1. Check if the total sum of the array is odd. If it is, return false as it cannot be partitioned into two equal subsets.

2. Use dynamic programming to find if there is a subset with a sum equal to half of the total sum.

3. Create a boolean array dp where dp[i] will be true if there is a subset with sum i.

4. Initialize dp[0] as true and the rest of the array as false.

5. Iterate over each number in the array and update the dp array.

6. For each number, iterate backward from half the total sum to the number, updating dp[j] as true if dp[j - num] is true.

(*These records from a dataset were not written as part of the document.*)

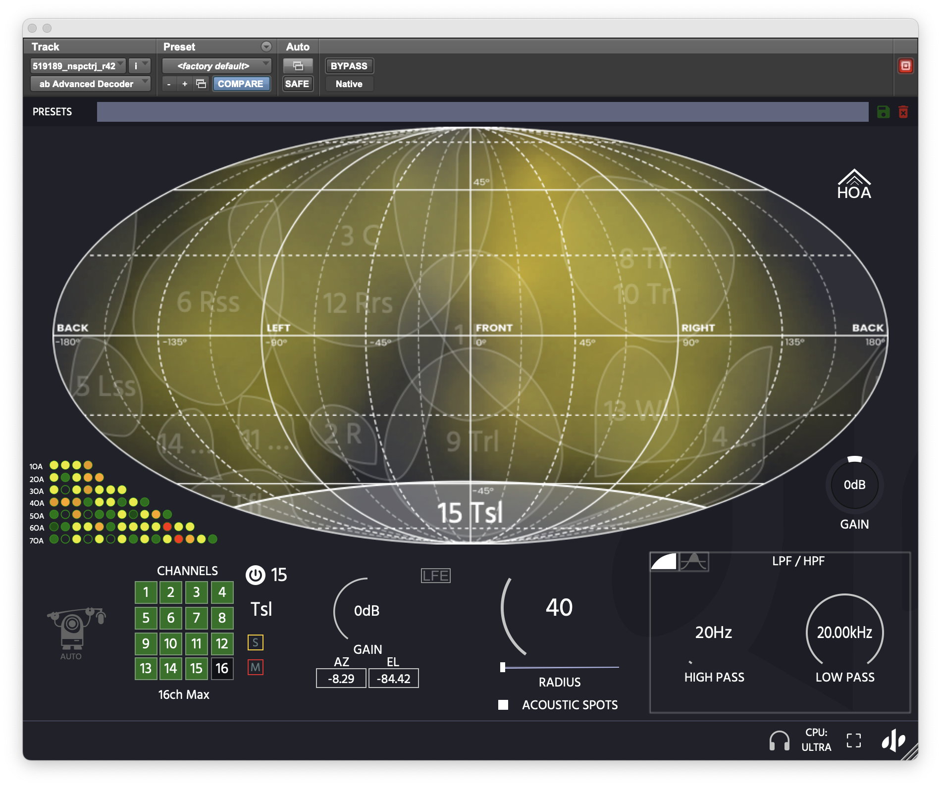 ‘ab Advanced Decoder’ adapts to your Ambisonics signal automatically, meaning that you can feed any Ambisonics signal from 1st through 7th order (1OA through 7OA*) without the need to set anything up!
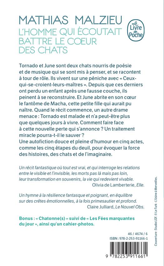 Tornado et June sont deux chats nourris de poésie et de musique qui se sont mis à penser, et se racontent à tour de rôle. Ils vivent sur une péniche avec « Ceux-qui-se-croient-leurs-maîtres ». Depuis que ces derniers ont perdu un enfant après une fausse couche, ils peinent à se reconstruire. Et June abrite en son cœur le fantôme de Macha, cette petite fille qui aurait pu naître. Quand le récit commence, un autre drame menace : Tornado est malade et n’a peut-être plus que quelques jours à vivre. Comment faire face à cette nouvelle perte qui s’annonce ? Un traitement miracle pourra-t-il le sauver ?
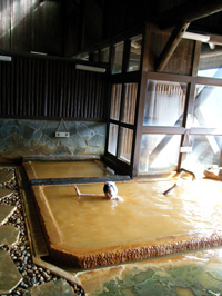 (右)そんなパンダを尻目に、私は鉄分の多い“赤い温泉”でぬくぬく(笑)

7. Return dp[half of total sum].

3. Code Program

public class PartitionEqualSubsetSum {
    public static void main(String[] args) {
        int[] nums = {1, 5, 11, 5};
        System.out.println(canPartition(nums)); // Test the function
    }

    // Function to determine if the array can be partitioned into two subsets with equal sums
    public static boolean canPartition(int[] nums) {
        int totalSum = 0;
        for (int num : nums) {
            totalSum += num;
        }

        // Check if total sum is odd
        if (totalSum % 2 != 0) {
            return false;
        }

        int subsetSum = totalSum / 2;
        boolean[] dp = new boolean[subsetSum + 1];
        dp[0] = true;

        for (int num : nums) {
            for (int j = subsetSum; j >= num; j--) {
                dp[j] = dp[j] || dp[j - num];
            }
        }

        return dp[subsetSum];
    }
}

Output:

true

Explanation:

1. canPartition: This function evaluates whether the given array nums can be partitioned into two subsets with equal sums.

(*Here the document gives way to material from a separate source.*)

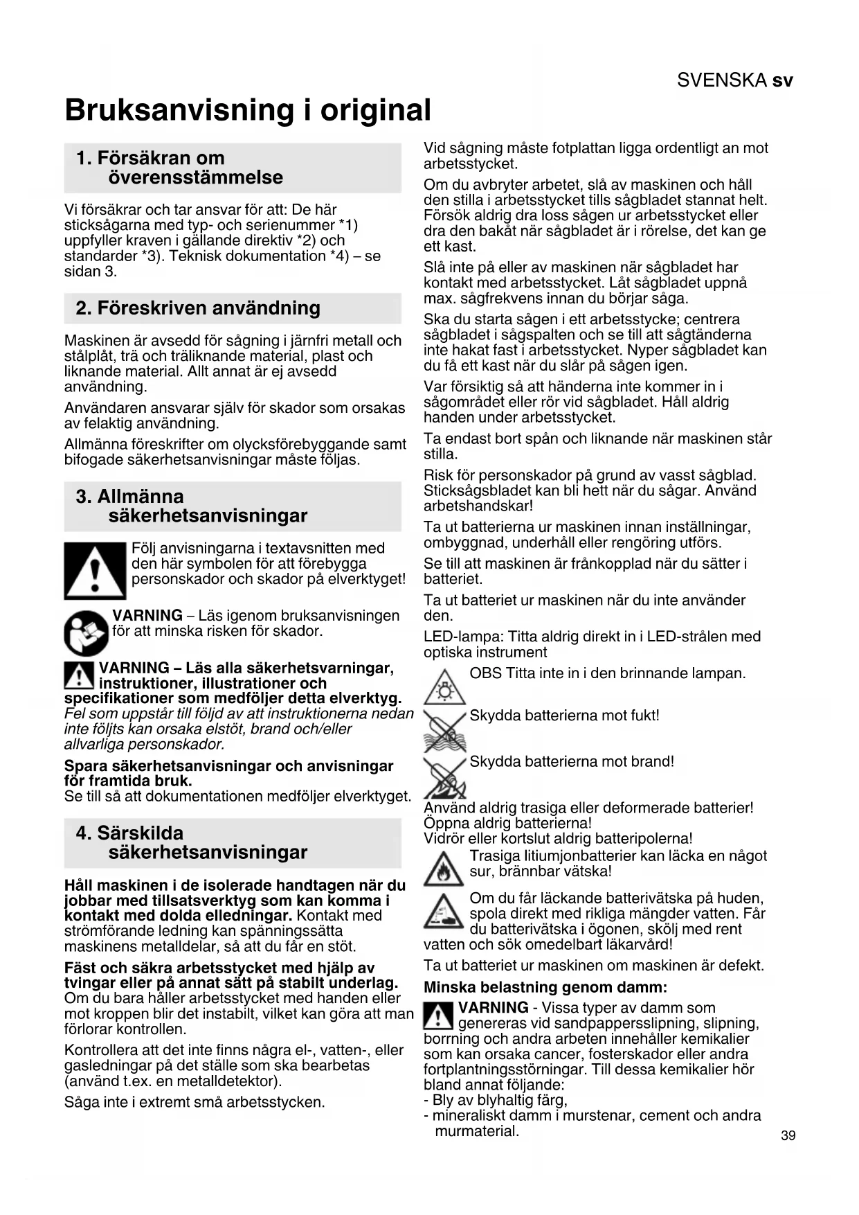 Bruksanvisning i original Vi försäkrar och tar ansvar för att: De här sticksågarna med typ- och serienummer *1) uppfyller kraven i gällande direktiv *2) och standarder *3). Teknisk dokumentation *4) – se sidan 3. Maskinen är avsedd för sågning i järnfri metall och stålplåt, trä och träliknande material, plast och liknande material. Allt annat är ej avsedd användning. Användaren ansvarar själv för skador som orsakas av felaktig användning. Allmänna föreskrifter om olycksförebyggande samt bifogade säkerhetsanvisningar måste följas. Följ anvisningarna i textavsnitten med den här symbolen för att förebygga personskador och skador på elverktyget! VARNING – Läs igenom bruksanvisningen för att minska risken för skador. VARNING – Läs alla säkerhetsvarningar, instruktioner, illustrationer och specifikationer som medföljer detta elverktyg. Fel som uppstår till följd av att instruktionerna nedan inte följts kan orsaka elstöt, brand och/eller allvarliga personskador. Spara säkerhetsanvisningar och anvisningar för framtida bruk. Se till så att dokumentationen medföljer elverktyget. Håll maskinen i de isolerade handtagen när du jobbar med tillsatsverktyg som kan komma i kontakt med dolda elledningar. Kontakt med strömförande ledning kan spänningssätta maskinens metalldelar, så att du får en stöt. Fäst och säkra arbetsstycket med hjälp av tvingar eller på annat sätt på stabilt underlag. Om du bara håller arbetsstycket med handen eller mot kroppen blir det instabilt, vilket kan göra att man förlorar kontrollen. Kontrollera att det inte finns några el-, vatten-, eller gasledningar på det ställe som ska bearbetas (använd t.ex. en metalldetektor). Såga inte i extremt små arbetsstycken. Vid sågning måste fotplattan ligga ordentligt an mot arbetsstycket. Om du avbryter arbetet, slå av maskinen och håll den stilla i arbetsstycket tills sågbladet stannat helt. Försök aldrig dra loss sågen ur arbetsstycket eller dra den bakåt när sågbladet är i rörelse, det kan ge ett kast. Slå inte på eller av maskinen när sågbladet har kontakt med arbetsstycket. Låt sågbladet uppnå max. sågfrekvens innan du börjar såga. Ska du starta sågen i ett arbetsstycke; centrera sågbladet i sågspalten och se till att sågtänderna inte hakat fast i arbetsstycket. Nyper sågbladet kan du få ett kast när du slår på sågen igen. Var försiktig så att händerna inte kommer in i sågområdet eller rör vid sågbladet. Håll aldrig handen under arbetsstycket. Ta endast bort spån och liknande när maskinen står stilla. Risk för personskador på grund av vasst sågblad. Sticksågsbladet kan bli hett när du sågar. Använd arbetshandskar! Ta ut batterierna ur maskinen innan inställningar, ombyggnad, underhåll eller rengöring utförs. Se till att maskinen är frånkopplad när du sätter i batteriet. Ta ut batteriet ur maskinen när du inte använder den. LED-lampa: Titta aldrig direkt in i LED-strålen med optiska instrument OBS Titta inte in i den brinnande lampan. Skydda batterierna mot fukt! Skydda batterierna mot brand! Använd aldrig trasiga eller deformerade batterier! Öppna aldrig batterierna! Vidrör eller kortslut aldrig batteripolerna! Trasiga litiumjonbatterier kan läcka en något sur, brännbar vätska! Om du får läckande batterivätska på huden, spola direkt med rikliga mängder vatten. Får du batterivätska i ögonen, skölj med rent vatten och sök omedelbart läkarvård! Ta ut batteriet ur maskinen om maskinen är defekt. Minska belastning genom damm: VARNING - Vissa typer av damm som genereras vid sandpappersslipning, slipning, borrning och andra arbeten innehåller kemikalier som kan orsaka cancer, fosterskador eller andra fortplantningsstörningar. Till dessa kemikalier hör bland annat följande: - Bly av blyhaltig färg, - mineraliskt damm i murstenar, cement och andra murmaterial.

2. It calculates the total sum of the array and checks if it's odd. If the sum is odd, it's not possible to partition the array, and the function returns false.

3. The function then initializes a boolean dynamic programming array dp. dp[i] indicates whether there's a subset with a sum equal to i.

4. It iterates through each number and updates the dp array, checking if a subset sum equal to half the total sum can be formed.

5. The function returns the value of dp[subsetSum], which indicates whether such a partition is possible.

6. This approach uses dynamic programming to build up the solution, avoiding redundant calculations and efficiently determining the possibility of partitioning the array.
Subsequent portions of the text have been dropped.